■ **Problem to work on**
Print every line below exactly as written, but leave the pictures behind.

■ **Input data**

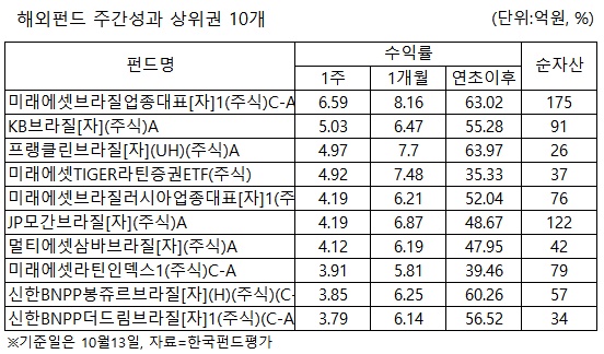 15일 한국펀드평가 펀드스퀘어가 지난 13일 공시 기준으로 해외 주식형펀드 2977개의 평균 주간 수익률이 -0.41%로 저조한 가운데 브라질 주식형 펀드가 6.6%대로 호실적을 기록했다.
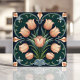 Arts and Crafts Tulip Bouquet on Deep Green Ceramic Tile
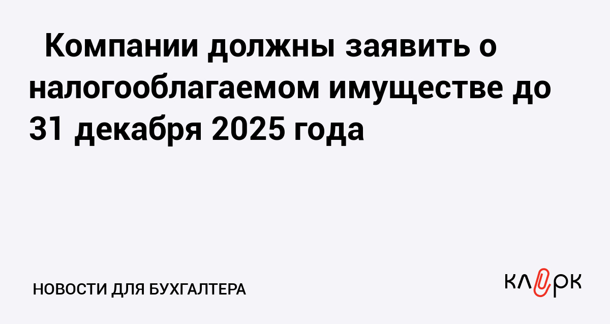 ⏳ Компании должны заявить о налогооблагаемом имуществе до 31 декабря 2025 года

■ **Result**
 15일 한국펀드평가 펀드스퀘어가 지난 13일 공시 기준으로 해외 주식형펀드 2977개의 평균 주간 수익률이 -0.41%로 저조한 가운데 브라질 주식형 펀드가 6.6%대로 호실적을 기록했다.
 Arts and Crafts Tulip Bouquet on Deep Green Ceramic Tile
 ⏳ Компании должны заявить о налогооблагаемом имуществе до 31 декабря 2025 года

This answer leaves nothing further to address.